Miriam Ferrarin llevaba en Londres una vida que desde afuera podía parecer resuelta. Tenía una casa, un empleo estable y una rutina definida. Había trabajado en el área financiera de una compañía del grupo British Airways y después en una reconocida discográfica internacional.
Sin embargo, comenzó a pensar que la estabilidad no compensaba la sensación de estar aplazando el proyecto que realmente deseaba. En junio de 2024 inició un viaje en solitario que, dos años después, ya la había llevado por 75 países.
“Podemos ganar más dinero o cambiar de trabajo, pero el tiempo que pasa no vuelve”, explicó en una entrevista con Vanity Fair Italia. Esa idea no provocó una salida impulsiva: la italiana aseguró que preparó el cambio durante meses, redujo gastos, ahorró y creó un proyecto digital relacionado con sus recorridos.
Su destino número 75 fue Armenia, a donde llegó en un tren nocturno desde Tiflis. No obstante, Ferrarin rechaza medir la experiencia por la cantidad de fronteras cruzadas. Para ella, ese número fue una consecuencia del viaje, no el objetivo.
Viajar no es coleccionar sellos en el pasaporte
Miriam podría haber visitado más países en menos tiempo, pero prefirió detenerse. Pasó dos meses en Arabia Saudita, agotó el plazo de su visa en India y recorrió regiones menos conocidas como Nagaland y Arunachal Pradesh.

“Viajar no es una competición”, afirmó. Su medida del éxito son las historias que conserva, las personas que conoce y la capacidad de permitir que cada experiencia modifique sus ideas previas.
Esa mirada también atravesó sus visitas a lugares habitualmente presentados como peligrosos. Antes de entrar en Afganistán o Irak se informó y evaluó los riesgos. Allí encontró gestos de hospitalidad que chocaron con la imagen uniforme construida desde la distancia.
En Irak, un hombre al que había conocido en las marismas mesopotámicas logró localizarla al día siguiente para pagarle una habitación. En Afganistán, otro joven la ayudó a cruzar la frontera desde Uzbekistán y luego la invitó a comer con su familia.
Ferrarin no niega los conflictos ni recomienda ignorar las advertencias. Su aprendizaje fue otro: ningún país es un bloque homogéneo y reducirlo a la violencia puede hacer que desaparezcan de la historia quienes viven allí.
Cómo financia dos años de viaje
La viajera tampoco atribuye su experiencia a una fortuna. Durante su último año en Londres dejó el departamento donde vivía y comenzó a cuidar gatos y casas a cambio de alojamiento. Mientras seguía trabajando a tiempo completo, reunió unas 12.000 libras para iniciar el recorrido.

Miriam todavía alterna los desplazamientos con períodos como cuidadora de mascotas. También vende guías digitales y ofrece asesorías de viaje. Según explicó, el recorrido no fue pagado por otra persona, sino construido con ahorro, organización y capacidad de adaptación.

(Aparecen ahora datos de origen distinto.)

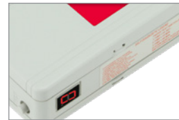
Numeric Indicator for dependable visual status and fault detection. Only available with G2-NI option.

Illumination: Long-life, high-intensity, red or green LEDs Housing: Rugged, injection-molded UL 94 5VA flame-retardant, high-temperature thermoplastic housing Input: 120/277VAC dual primary, 60Hz Battery: Maintenance-free NiCad battery Run Time: UL Listed 90 minute emergency run time, 24 hour recharge time Legend: Fully-illuminated 6" characters with 3/4" stroke and field-selectable directional chevrons Mounting: Ceiling, end or wall mounted, canopy included Finishes: Black or White Options: 2CI = 2 Circuit Input 220 = 220VAC, 50Hz Input G2 = Self-test/Self-diagnostics G2-NI = Self-test/Self-diagnostics with Numeric Indicator and Battery Access Door USA = Meets Buy America Requirements Certifications: UL Listed for Damp Locations and meets or exceeds the following: NEC requirements and NFPA 101. California Energy Commission (CEC) compliant Warranty: Any component that fails due to a manufacturing defect is guaranteed for five years with a separate five year prorated warranty on the battery. The warranty does not cover physical damage, abuse or instances of uncontrollable natural forces. See the full Exitronix warranty document for detailed information.

La elección tiene costos: estar lejos de su familia, perderse celebraciones, no tener una vivienda estable y afrontar relaciones que muchas veces duran apenas una etapa del camino. Pero Miriam no presenta esas renuncias como una tragedia.
Después de dos años, su definición de libertad se volvió menos romántica y más concreta. No consiste en hacer cualquier cosa sin consecuencias, sino en elegir qué precio se está dispuesto a pagar por la vida que se desea. En su caso, la decisión fue dejar de posponerla.